Unlike SALEFORM 2012 but similar to other BIMCO standard contracts, Part I of SHIPSALE 22 contains the standard box layout setting out information such as the parties’ details, amounts and inspection arrangements, which allows the parties to locate the key information easily and for fewer amendments to be made to the Part II text. The substantive provisions are set out in Part II, followed by two annexes with the delivery documents and the excluded items.

In addition, the clauses have been arranged in such a way as to ensure that SHIPSALE 22 follows the typical chronology of a sale and purchase transaction, which makes the standard form more reader-friendly.

Apart from the layout changes, SHIPSALE 22 contains some revisions to the existing wording and new clauses in response to the latest developments in market practice. Some of the noteworthy changes are set out below.

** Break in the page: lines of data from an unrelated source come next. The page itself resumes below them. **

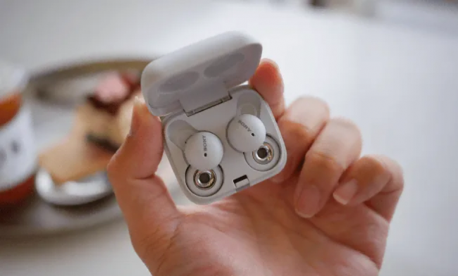 索尼LinkBuds凭借别具一格的外观,在真无线耳机市场中拥有很高的辨识度。耳机本体采用环保塑料材质,触感细腻柔和;充电盒设计与耳机风格一致,视觉与触感和谐统一。整体造型简约雅致,SONY标识及左右声道标记清晰规整,左单元上端的微小凸起也体现了品牌在设计细节上的用心。不过由于开放式结构,耳机无法调节佩戴角度,初次使用者可能需要一些时间适应。
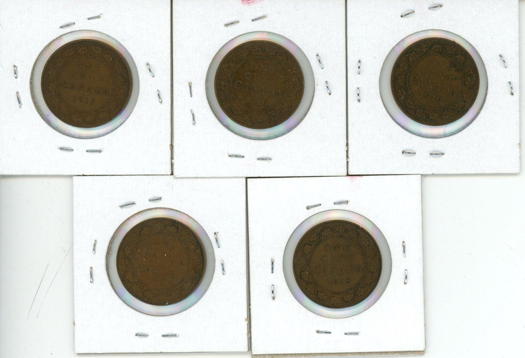 1916,1917,198,1919,1920 Large Canada Pennies
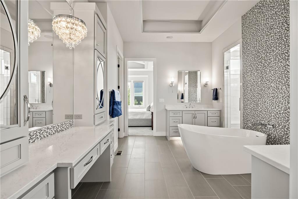 Amazing one and a half story home with a full finished walkout basement in Mills Ranch ready for quick move-in. This nearly new, 3 year old Willis Custom Built home is a stunner with a spacious vaulted main floor living space, impressive curved staircase, arched doorway to the great room, unique 2nd bar, theater room, screened in lanai sun porch, walk in double shower with freestanding tub, huge 4 car split garage with high lift doors, dog wash, pocket office, premium sound system and smart tech package. So many unexpected extras in this home around every corner. This 1.5 Story floor plan features a main floor primary suite with luxurious spa bath with with white quartz and mini tiles. Must see! Upper level offers private spaces with loft, second laundry and two premium bedrooms loaded with extra features and upgraded baths. You'll love the fully finished walkout lower level with LVT flooring, movie room, wet bar and 4th bedroom. This upscale home sits on a corner lot with a side entry four car garage and a front circle drive. Beautiful landscaped and fully fenced unique backyard allows for you to access from the main level and walkout on the side. Move right in to this amazing home located in Mills Ranch with a new neighborhood pool, and easy access to the Johnson County walking trails and quick access to Highway 69. All the luxuries of a new home are already added including premium window coverings, fenced yard, water bottle filler, built in side-by-side refrigerator and premium sound system. Why build when you can move right into this award-winning Willis Custom Home. Blue Valley School District

SALEFORM 2012 does not provide for a mechanism governing subjects to effectiveness of the agreement. In practice, the parties often deal with conditions precedent prior to signing the memorandum of agreement (in exchanges on terms and the recap) and such that the deal is unconditional by the time of signing. One of the notable additions in SHIPSALE 22 is the subjects clause, which allows the parties to set out in the agreement itself any conditions that are still to be fulfilled before it becomes effective. In the event that any conditions are not fulfilled by the specified date, the agreement will be null and void automatically. Where parties decide to include subjects in the memorandum of agreement, it is important to stipulate clearly which party is responsible for fulfilment of the subjects and how to confirm that they have been fulfilled.

Performance guarantees

In a ship sale and purchase transaction, it is not uncommon for the performance of one or both the parties (in particular buyer-side) to be guaranteed by another entity, in particular where the party in question is a single-purpose entity. To facilitate documentation of the performance guarantee in one single document, SHIPSALE 22 includes a signature field and a statement from each relevant guarantor that it shall guarantee the performance of the obligations of the seller or the buyer (as the case may be) in accordance with the agreement.

Deposit and payments

Revisions have been made to the deposit clause in SHIPSALE 22, in particular to refer to a deposit holding agreement, which shall set out the basis on which the deposit will be received, held and released by the deposit holder.

Further, the concept of disruptive banking events has been added to SHIPSALE 22. The deposit clause provides that a grace period of two banking days will be given to the buyer if the deposit holder’s receipt of the deposit is delayed by certain disruptive banking events, which might, for example, include delays due to bank sanctions checks.

SHIPSALE 22 also contains a gross-up clause, which provides that the paying party shall gross up the relevant payment so as to ensure that the other party receives and retains the full amount where the paying party is required by applicable law to make any deduction or withholding in respect of such payment.


SALEFORM 2012 allows the parties to opt for (i) an outright sale, with inspection of the vessel and its classification records having been completed before the agreement is entered into, or (ii) a sale subject to the buyer’s right to conduct a pre-delivery inspection. SHIPSALE 22 provides an option (iii), namely an outright sale, the buyer having waived its right to inspect the vessel and its classification records, which may be agreed in a seller’s market or for certain types of sale and leaseback transactions and distressed sales. Of course, the buyer may still want to inspect the classification records.

Where option (ii) above is chosen, the buyer’s right of inspection is (at least now on paper, reflecting market practice as the usual scope of inspection) narrower under SHIPSALE 22. The inspection under SHIPSALE 22 is to be done “without testing of the Vessel’s engines, machinery, equipment or systems”, rather than “without opening up” under SALEFORM 2012.

It is worth noting that, unlike SALEFORM 2012, which contains a default position, SHIPSALE 22 does not stipulate which of the three alternatives applies in the event that the parties fail to make a selection. Therefore, it is important for the parties to make sure that the relevant box is filled in.